You are so right Phil., I must have been having a seniors moment when I made that post. In several of my photo-shoots I've shown the template to be about 1mm wider than the guide in order to make a final light cut.


----------



## Phil P (Jul 25, 2010)

charlesb said:


> With the Imm gap, the router can easily tip from the vertical, if you decrease the force on it even slightly. And that worktop is expensive, even the bits I bought off ebay. With my tight-fit solution, the router doesn't tip nearly so easily in the guide. In fact I think it is a good innovation.


I think that there's the issue. If you can tip the router easily then you aren't pressing the guide bush against the left side of the slot and/or supplying sufficient downwards pressure. Using jigs like these does take a reasonable amount of force, but it's hardly in the same league as mortising door locks with the door hung in the casing. I suspect that may also be taking too deep a pass and possibly that your cutters may not be ideal for the task. Are the carbide tips vertical or do they have an angled "set" to them? The latter type work far, far better, but generally cost more. Another approach might be to make a first cut with a smaller diameter bit before using the full size cutter; by hogging away some of the bulk the final cuts will take less effort. 
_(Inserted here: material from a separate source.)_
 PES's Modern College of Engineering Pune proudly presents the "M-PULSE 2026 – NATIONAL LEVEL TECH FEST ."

I've done this sort of task on Corian worktops (which can be a lot more difficult to rout than hardwood) using Trend Craft Pro cutters (hardly industrial quality, but better than cheap bottom of the barrel cutters) without any of the problems you have had, hence my comments

Innovation or no I still can't see many real tradesmen queueing up to use your solution. 



charlesb said:


> I was going to use high strength plastic-metal i.e. car body filler. I guess its a similar sort of thing.
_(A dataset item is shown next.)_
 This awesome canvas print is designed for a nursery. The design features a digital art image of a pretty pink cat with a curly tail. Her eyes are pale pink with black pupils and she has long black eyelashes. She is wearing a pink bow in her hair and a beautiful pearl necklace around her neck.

Well, no it isn't, actually. Epoxy is rigid, car body fillers are a two-pack compound with a large amount of bodying compound (mineral fillers) and are designed to have an amount of flex or "give" in them. They are softer and may not adhere properly to HPL. At the end of the day Araldite costs under a tenner ($15) which is nothing to pay to repair a £60+ ($100) jig

Regards

Phil


----------